EXERCISE DATA:
——————
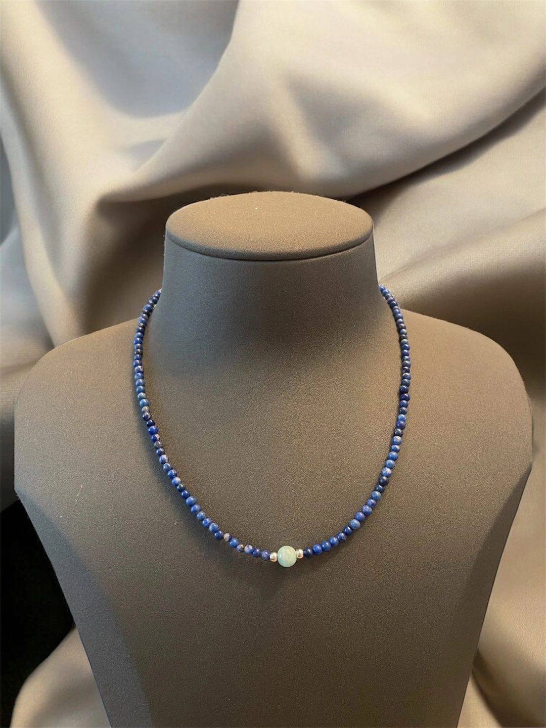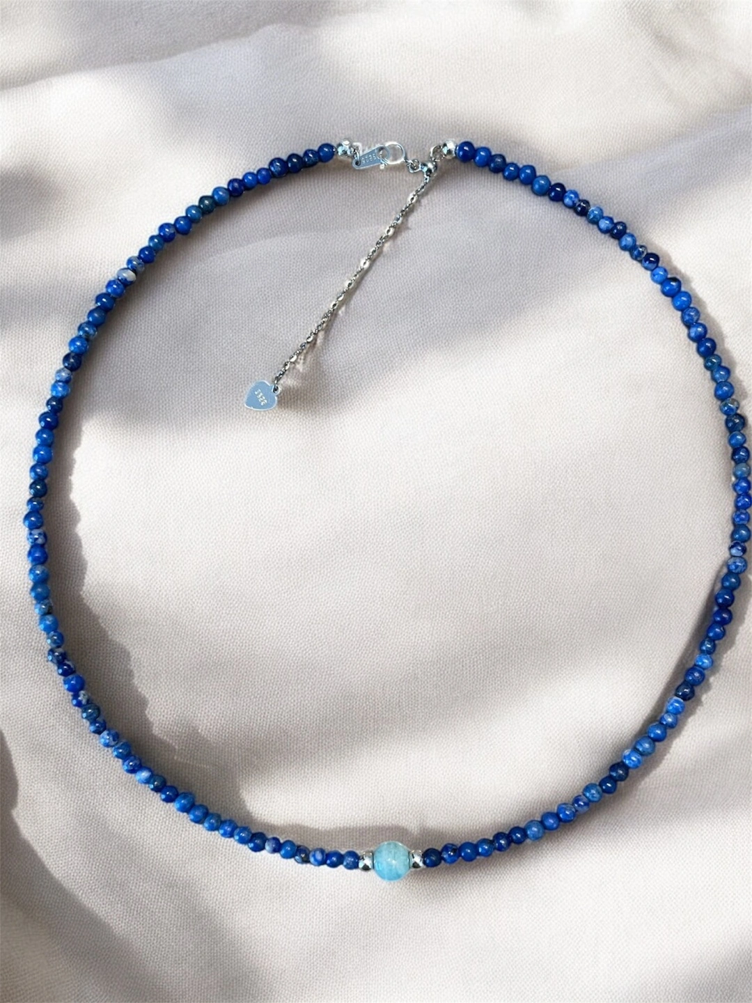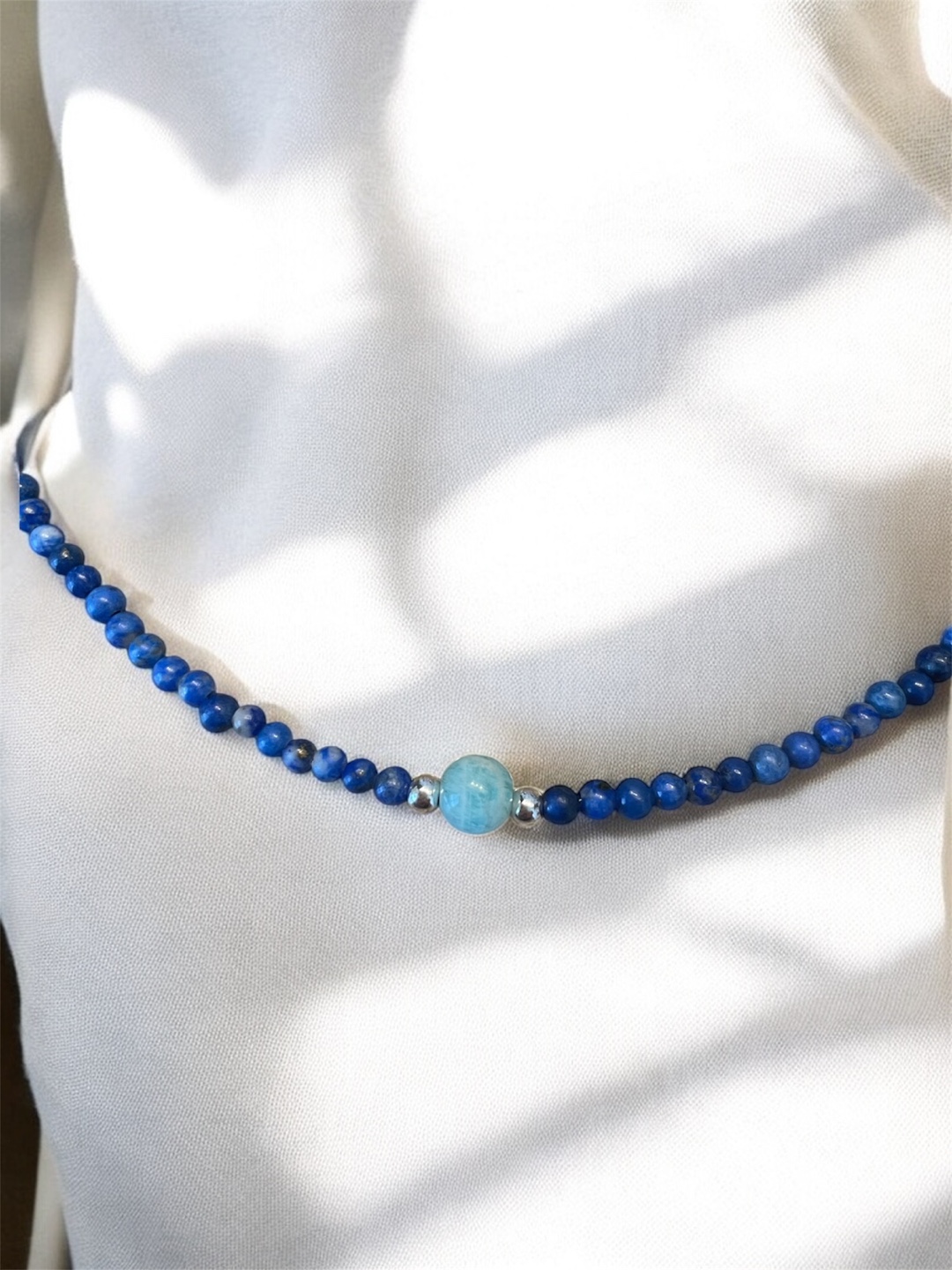Blue Lapis Lazuli and Aquamarine Beaded Necklace
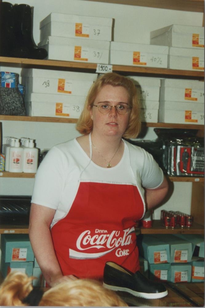 Perla Fanndal, afgreiðslukona með gúmmískó í verslun á Siglufirði.
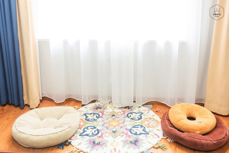 浅蓝色背景墙搭配拼色窗帘,阳光透过白纱,清新质朴,深色大床与床头柜让整个空间更为雅致,地台上的复古坐垫让卧室披上浪漫情调,整体色调和谐优雅。
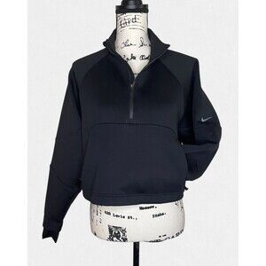 Nike Dri-Fit Prima Cropped Quarter Zip Pullover Size SM Black LS Thumb Holes Gym
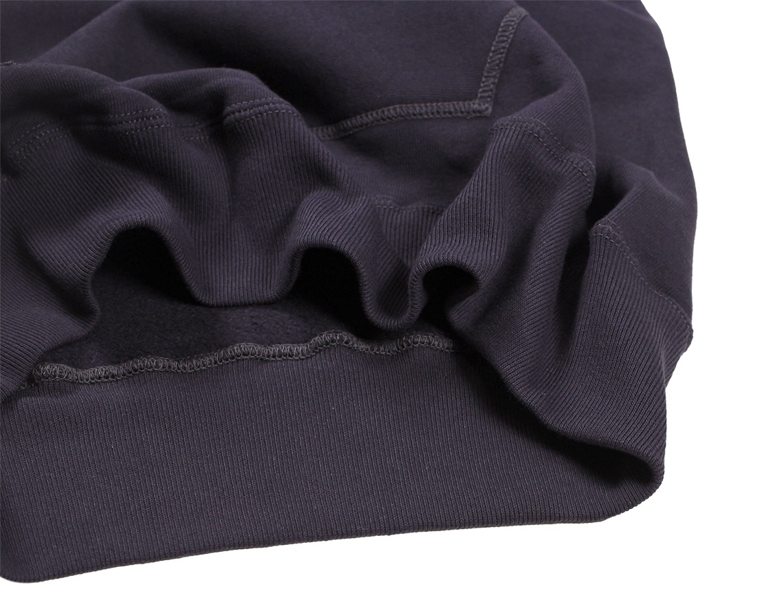 「後付け」と呼ばれるフード付きスウェットの仕様は言うまでもなくクルーネックのスウェットのネックラインに「後から」フードが縫い付けられているものです。
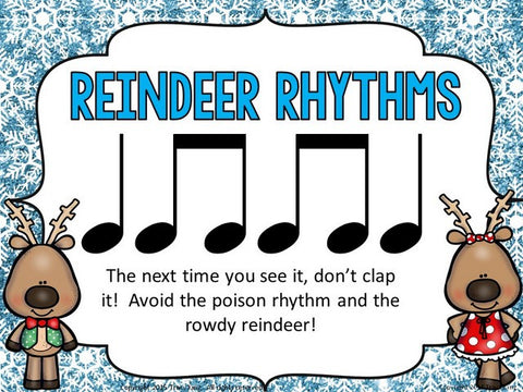 This set is great for December or the week before Christmas break as it features reindeer that try to get students to clap the poison rhythm.
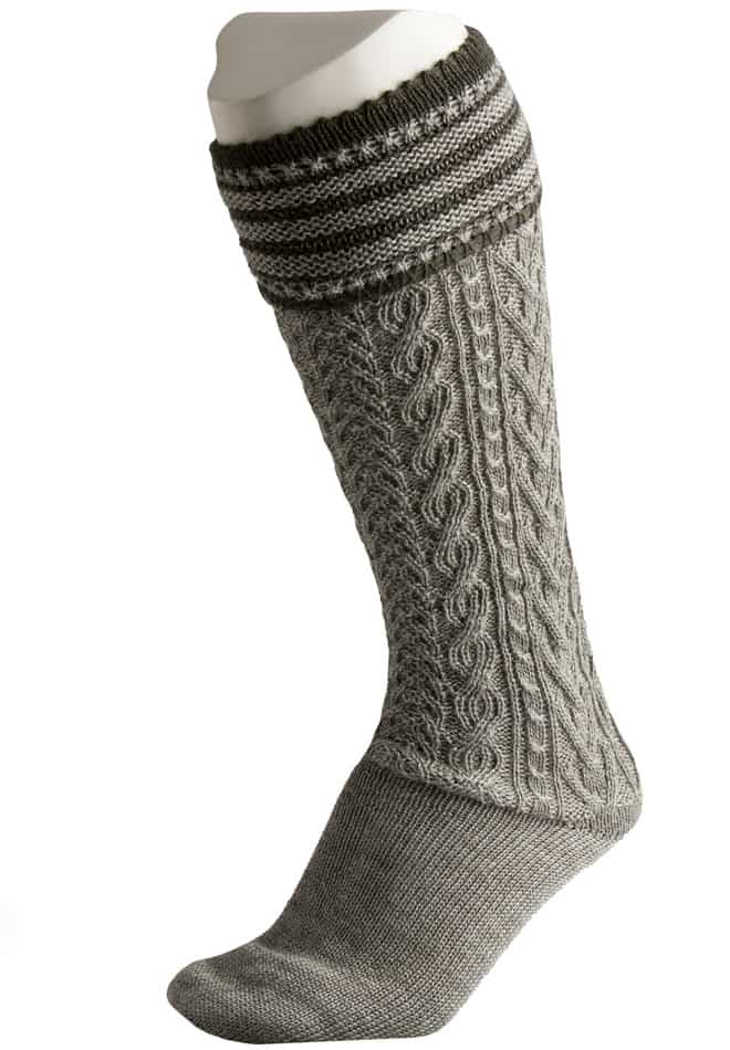 Die Trachten-Kniestrümpfe Robert von Stockerpoint Classics sind eine perfekte Ergänzung zu einem traditionellen Trachten-Look. Sie zeichnen sich durch ihr klassisches Zopfmuster aus, dass zusammen mit dem farblich abgesetzten Bund das optische Highlight bildet. Der hohe Wollanteil sorgt nicht nur für einen edlen Look, sondern garantiert auch hervorragenden Tragekomfort. Diese Kniestrümpfe sind ideal, um sie mit kurzen Lederhosen zu kombinieren und bieten die perfekte Balance aus traditionellem Design und modernem Tragekomfort. Die Strümpfe Robert passen hervorragend zu einem festlichen oder rustikalen Outfit und runden den Trachten-Look stilvoll ab.
——————
TASK ITEM: Reproduce the listing above exactly from the line containing "Nike Dri-Fit Prima" up to and including the line containing "This set is", omitting any images and everything outside those lines.

RESULT:
 Nike Dri-Fit Prima Cropped Quarter Zip Pullover Size SM Black LS Thumb Holes Gym
 「後付け」と呼ばれるフード付きスウェットの仕様は言うまでもなくクルーネックのスウェットのネックラインに「後から」フードが縫い付けられているものです。
 This set is great for December or the week before Christmas break as it features reindeer that try to get students to clap the poison rhythm.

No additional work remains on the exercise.